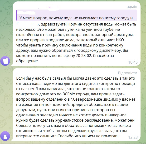 «Верхні поверхи зовсім без води»: у мережі обурилися «відписками» окупантів на проблему у Сіверськодонецьку
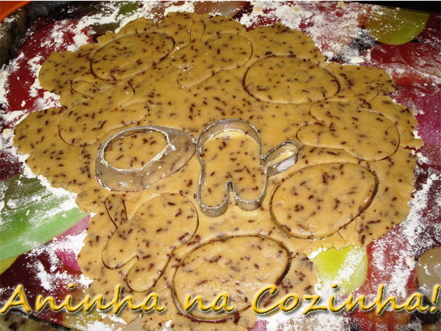 Com o auxílio de um rolo (ou um copo plástico resistente, no meu caso...rs...) abra a massa em superfície enfarinhada, corte os biscoitos usando cortadores.
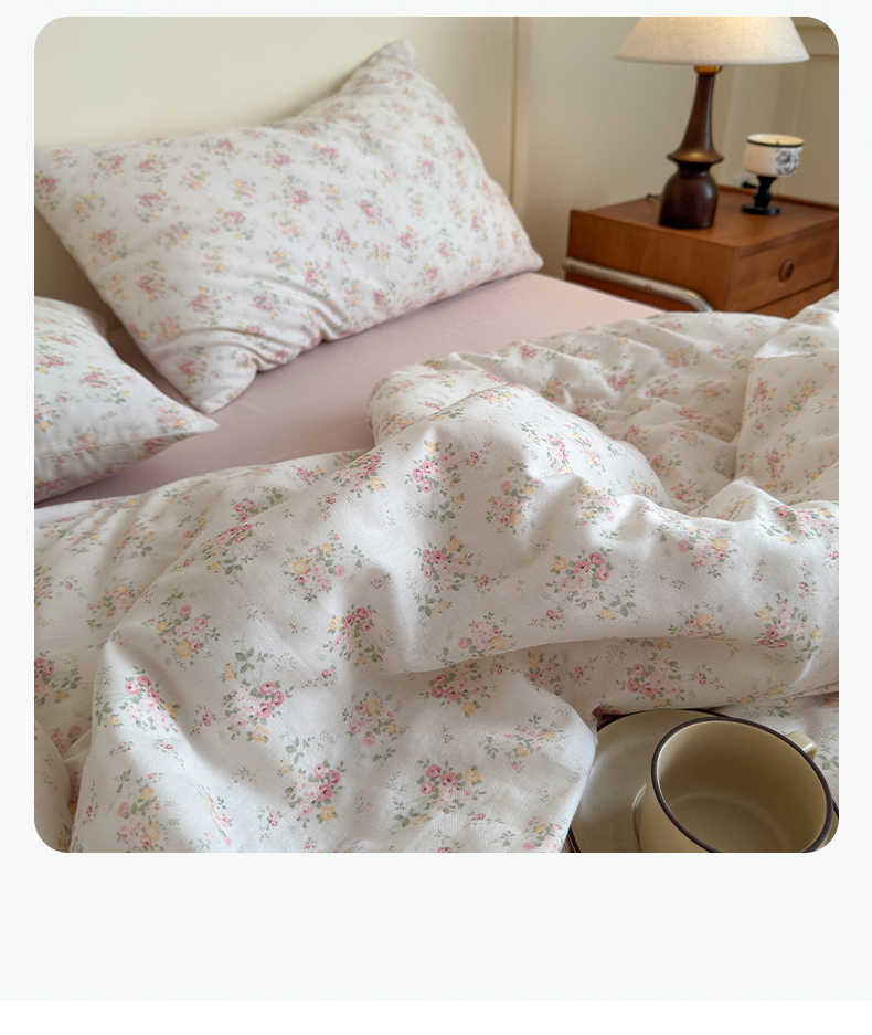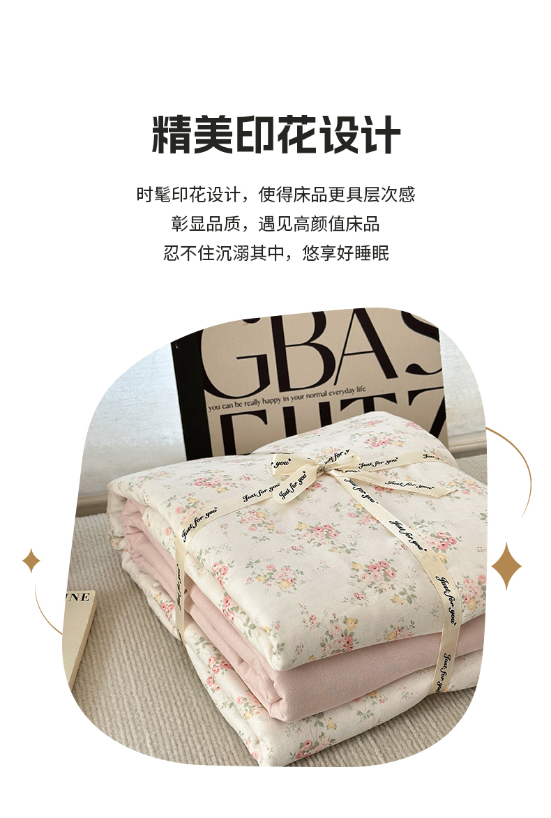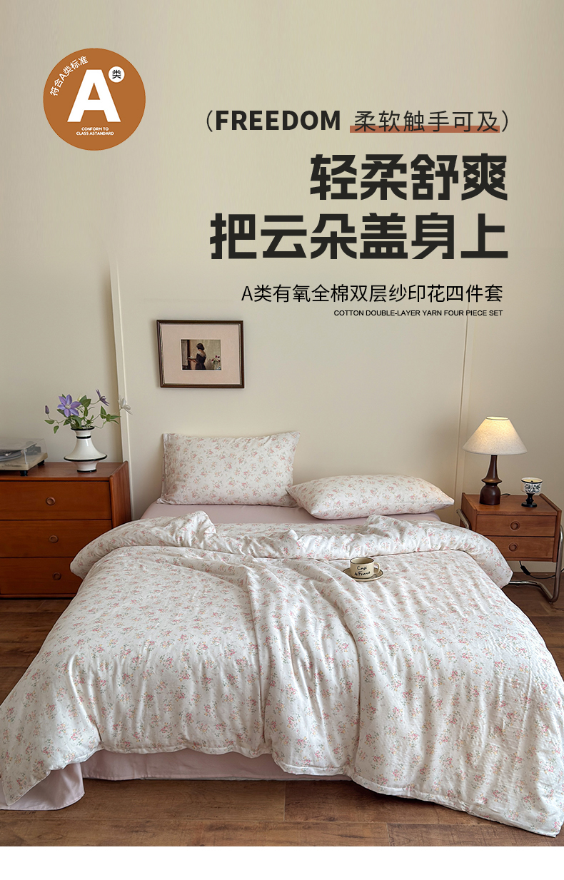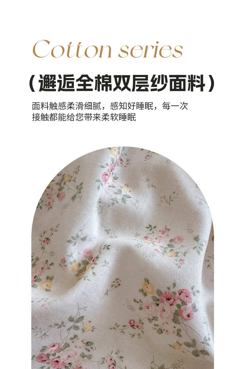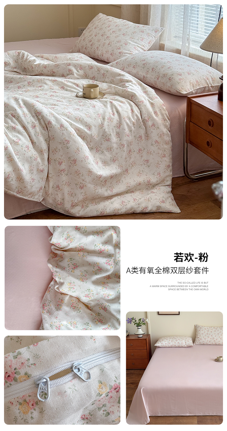 当前位置: 91家纺网 > 商品网购 > 床品套件 > 四件套 > 双层纱四件套 > 亿梵家居 2025新款A类母婴级有氧全棉纯棉双层纱纯棉印花四件套-床拍图 若欢-粉

** TASK TO CARRY OUT **
The expected output is every line of the data, unchanged, with the pictures skipped.

** ANSWER TO THIS PROBLEM **
 «Верхні поверхи зовсім без води»: у мережі обурилися «відписками» окупантів на проблему у Сіверськодонецьку
 Com o auxílio de um rolo (ou um copo plástico resistente, no meu caso...rs...) abra a massa em superfície enfarinhada, corte os biscoitos usando cortadores.
 当前位置: 91家纺网 > 商品网购 > 床品套件 > 四件套 > 双层纱四件套 > 亿梵家居 2025新款A类母婴级有氧全棉纯棉双层纱纯棉印花四件套-床拍图 若欢-粉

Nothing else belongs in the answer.